Published Date: 07 September 2008
It is more executive bling-toy than the future of reading
I'M PROBABLY the worst person in the world to test-drive the new Sony eBook Reader. I don't have Skype, an iPod or a Wii. On the other hand, I am an incurable bibliophile. For as long as I can remember, I've been besotted with books, whether it's the
Mr Men or Gilles Deleuze. So it was with trepidation I went to try this new gizmo, already being heralded in some quarters as bringing on "the death of the paperback". I imagine this is how small children feel when they first meet Daddy's new lady friend. However nice she is, however hard she tries, I'm not forgiving her.

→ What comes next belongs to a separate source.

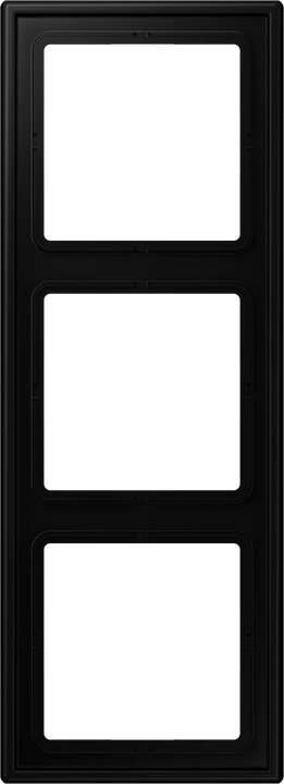 Rahmen 3fach, graphitschwarz matt für waagerechte und senkrechte Kombination Mit Dichtungsflansch Art.-Nr.: 551 WU ist der Schutzgrad IP 44 gewährleistet. Material: Duroplast lackiert Maße (B x H): 81 x 223 mm
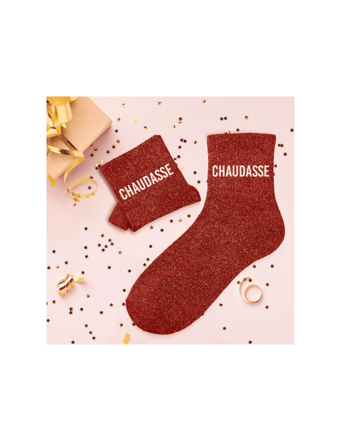 Ces chaussettes rouge à paillettes avec l'inscription chaudasse sont la garantie de passer un été avec style !

The Sony Reader, launched last Wednesday, is one of three "delivery platforms" vying for the eBook market, along with Amazon's Kindle and the iLiad. The idea is pretty simple.You download books on to it – it can hold 160 titles – and read them on an electronic screen. Publishers are getting behind it, fast. Gail Rebuck, chief executive of Random House, is a fan, and Penguin have announced 600 titles (including the new Dick Francis and Zoë Heller) as well as a free taster of first chapters.

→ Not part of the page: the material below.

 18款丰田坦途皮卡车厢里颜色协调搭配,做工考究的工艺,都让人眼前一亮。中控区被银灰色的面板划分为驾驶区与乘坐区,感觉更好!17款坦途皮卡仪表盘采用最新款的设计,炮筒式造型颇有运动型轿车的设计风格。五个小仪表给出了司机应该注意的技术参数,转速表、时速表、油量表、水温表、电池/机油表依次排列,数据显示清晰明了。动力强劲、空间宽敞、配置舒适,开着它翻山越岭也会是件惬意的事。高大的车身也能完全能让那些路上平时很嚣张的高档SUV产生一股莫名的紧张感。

Walking into the bookshop, the first thing I notice is that I don't notice the Reader, being distracted by a McSweeney's magazine display. When I do get around to examining it, I'm not overwhelmed. But I'm not underwhelmed either.

It's certainly elegant, weighing no more than a paperback, and roughly the same size. I'd imagined it being like a Star Trek pad or mobile phone, but a neat cover means that it feels like holding something book-like. At £199 it's not cheap, but it's cheaper than its rivals. The shop copy only has 14 titles saved on it including a Mills and Boon that I haven't read. So I call that up from the menu, and start reading.

There's a slight but perceptible pause and momentary darkness as you click from page to page, but you acclimatise remarkably quickly, even realising to click just before you get to the last line. You're soon just reading, not reading on a Reader. The current version comes with 100 free classics – I looked at the list, and the only one I didn't have in my front room was Meredith's Sandra Belloni. I can't imagine buying a Reader, but I'd be pleased to receive one as a present. I can even imagine how convenient it would be on long journeys. If they managed to get out-of-print and backlist titles in eBook format, it would be even better; especially since the supermarket and Amazon price-war with the bookstores is rapidly depleting the biodiversity of books available to the consumer. It might be a very nice little afterlife.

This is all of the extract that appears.